Thanks Percha Man! :lol:


----------



## ManxFishing (Apr 7, 2008)

I myself have mostly Shimano's 
10 Stadic's in 1000 & 2500's and i've yet to have a problem with one of them

For the BS 
I have Citica's all the way to a tricked Mentanium MG DC 
There just soild reels
The fav's would be the 50MG's (small reel) or the Cronarch D models 
You can't buy them any more and I could sell them for more then I paid for them 

I did pick up 2 of the New Chronarch 150 CI4's
Nice reel, smooth and it's small and light
The Curado would be the bargin these days

My advice would be
My best buys have been when there's a new model coming out
If you like the old model they sell at bargin prices
The FI stadic's with 2 spools went for 100 to 140 bucks
The d models went for around 200
And both of them reels used sell for that these days
I only wish I could have found more of the D's

Plus if you need service
Shimano has a service center
I sent all of the 50MGs in this past spring
for 25 bucks a reel they replaced they cleaned them and replaced the gears and bearings for no additional cost.
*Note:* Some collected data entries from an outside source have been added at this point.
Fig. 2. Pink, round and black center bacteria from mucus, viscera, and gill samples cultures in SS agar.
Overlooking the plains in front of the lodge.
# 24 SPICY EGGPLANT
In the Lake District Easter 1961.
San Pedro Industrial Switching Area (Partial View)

It's the best reel company out there
And there's a reel in all price points


----------



## BryPaulD (May 30, 2009)

I bought a Symetre last spring.. Hasn't seen a ton of use but so far so good.
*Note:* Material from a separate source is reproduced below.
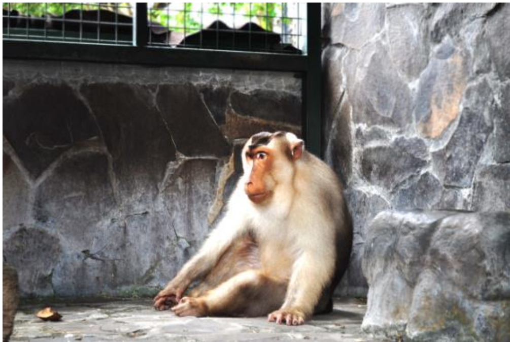
One of three Pig tailed macaques – this one goes by the name Moon – at our Tabanan center.

I also just got one of those RTX 30's Robert.. Per your recommendation 
I'm not quite sure what I want to put it on yet though... Thinking it may end up on one of my ice rods here shortly


Posted using Outdoor Hub Campfire


----------



## sfw1960 (Apr 7, 2002)

The bearings on Okuma's take some "break in" Bryan, but the drags are great right out of the box - I have two of the RTX30's but could easily see a few more coming off the brown truck when I get some debts knocked down a bit - lots of unexpected bills this year and some inaccurate, bad advice from an attorney got us a little "bonus" from the IRS...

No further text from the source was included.